EASY IN THE SUN
© Max Merckenschlager
Winner, 2011, ‘Henry Lawson Festival’, Grenfell, NSW.
		Old Man Collins lights his pipe to advertise the day’s begun;
		drawing on its blackened stem while resting easy in the sun,
		he contemplates a cottage neat across the lane – between the plumes
		of smoke – from which the master’s gone. His paintin’ neighbour, he assumes, 
		was long away to catch the rays of breakin’ dawn at sparrer fart,
		and probably till close of day he’ll capture sunlight with his art. 
		
		Old Man Collins ruminates on coins that jingle in his coat,
		as payment for his modellin’ – an easy take at Billygoat!
		“Just walk him up and down the lane”, he says to me and so I do,
		while him as asked me sketches fast to catch the mood and movements true.
		“I’ll model for you’s anytime,” says I to Hans, and, ‘taint no joke,
		he pays me more to strike a match and light me pipe and have a smoke!
		
		Old Man Collins cocks an eye and squints to block the brilliant light 
		while studying his neighbour’s work. “You’ve caught that mob of woollies right,”
		says he to Heysen, “dwarfed by gums, I’d say your paintin’s like a po’m.” 
		The canvas Sallie knew she’d lose, but named in hope ‘The Coming Home’,
		Old Collins loved – he knew not why. Perhaps it was the Hahndorf hills
		that Heysen, in his mystic way, had captured with his wondrous skills.
		
		Old Man Collins taps his pipe against a leg of Sonneman’s chair;
		wrinkled nose applauds the kuchen – heaven wafting on the air,
		as Village folk discuss his neighbour, float their widely canvassed view 
		that ‘Heysen idles with his brushes, when the work is there to do.’
		Could a father feed his children, sketching others while they toil?
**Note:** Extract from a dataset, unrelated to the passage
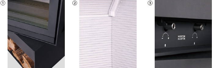 燃焼室のバックおよびサイドパネルには、ホワイト色の鋳物を採用。明るい背景が炎の色を鮮やかに引き立て、まるでアートフレームのような美しさを演出します。

		Old Man Collins puffs an answer, “Heysen might, our prince of oil.”
		
		
		Footnotes to “Easy In The Sun”
		1.    Alfred (“Old Man”) Collins was Sir Hans Heysen’s 
		neighbour in Billygoat Lane (now English St) Hahndorf, South Australia.
		2.    “Sallie” is the affectionate name that friends used for Hans’ 
		wife Selma (Lady Selma Heysen). She regarded her husband’s paintings like ‘children’ and hated parting with them.
		3.     Sonneman’s Bakery was located in Main Street Hahndorf. “Kuchen” is the German word for “cake”.